* PROBLEM TO SOLVE:
Only one stretch of the data below is needed. Output the lines from the one with "Peserta aksi yang" up to and including the one with "perspective, ant colony", exactly as they stand.

* SUPPLIED MATERIAL:
---*---
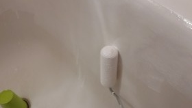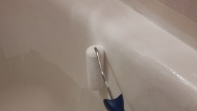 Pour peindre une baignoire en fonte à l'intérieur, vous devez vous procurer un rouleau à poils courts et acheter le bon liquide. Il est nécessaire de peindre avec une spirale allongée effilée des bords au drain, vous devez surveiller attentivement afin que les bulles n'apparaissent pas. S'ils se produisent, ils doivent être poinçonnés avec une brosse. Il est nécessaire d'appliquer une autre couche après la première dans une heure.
---*---
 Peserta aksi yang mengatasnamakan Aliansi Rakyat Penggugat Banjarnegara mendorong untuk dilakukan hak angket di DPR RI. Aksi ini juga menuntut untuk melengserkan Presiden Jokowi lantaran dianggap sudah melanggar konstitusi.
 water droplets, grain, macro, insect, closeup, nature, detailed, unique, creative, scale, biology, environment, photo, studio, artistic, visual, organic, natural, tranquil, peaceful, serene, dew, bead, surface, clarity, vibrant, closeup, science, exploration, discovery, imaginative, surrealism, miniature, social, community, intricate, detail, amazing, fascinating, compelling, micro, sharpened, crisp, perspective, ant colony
---*---
* ANSWER TO THIS EXERCISE:
 Peserta aksi yang mengatasnamakan Aliansi Rakyat Penggugat Banjarnegara mendorong untuk dilakukan hak angket di DPR RI. Aksi ini juga menuntut untuk melengserkan Presiden Jokowi lantaran dianggap sudah melanggar konstitusi.
 water droplets, grain, macro, insect, closeup, nature, detailed, unique, creative, scale, biology, environment, photo, studio, artistic, visual, organic, natural, tranquil, peaceful, serene, dew, bead, surface, clarity, vibrant, closeup, science, exploration, discovery, imaginative, surrealism, miniature, social, community, intricate, detail, amazing, fascinating, compelling, micro, sharpened, crisp, perspective, ant colony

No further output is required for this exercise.